Affari di famiglia non dichiarati: mezzo governo non è trasparente
Non c’è obbligo di legge che tenga. Mezzo governo Draghi non vuole aprire bocca sugli affari portati avanti dai familiari più stretti. I ministri, i sottosegretari e pure i commissari governativi, entro 90 giorni dall’assunzione della carica, sono obbligati a comunicare se loro, i loro coniugi o i loro parenti entro il secondo grado sono titolari di imprese, hanno partecipazioni in qualche società o hanno fatto investimenti particolari. Sono tutte quelle situazioni in cui un intervento o l’omissione di un atto governativo, utile a incidere su tali patrimoni, potrebbe far scattare un conflitto di interessi. Ma niente.
All’Autorità garante della concorrenza e del mercato, che si occupa di vigilare su eventuali conflitti, sono state consegnate soltanto 133 dichiarazioni dei familiari dei titolari di cariche di governo e di altre 135 non ce n’è traccia. Lo evidenzia il presidente dell’Antitrust, Roberto Rustichelli, nell’apposita relazione consegnata alla Camera dei deputati, specificando che le informazioni necessarie l’Autorità può comunque recuperarle, ma con un lavoro che «comporta indubbiamente una non trascurabile perdita di efficienza e di efficacia delle attività di controllo».
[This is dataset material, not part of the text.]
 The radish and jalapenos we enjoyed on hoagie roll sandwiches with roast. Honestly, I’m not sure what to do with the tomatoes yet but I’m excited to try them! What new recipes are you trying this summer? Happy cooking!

Senza considerare i «non trascurabili rischi di incompletezza e l’intempestività dei risultati così raccolti». Per l’Antitrust va cambiata la legge. Quelle dichiarazioni sono infatti un obbligo giuridico ma, nel caso in cui non vengano presentate dai familiari dei titolari di carica, non scatta alcuna sanzione e in troppi fanno orecchie da mercante.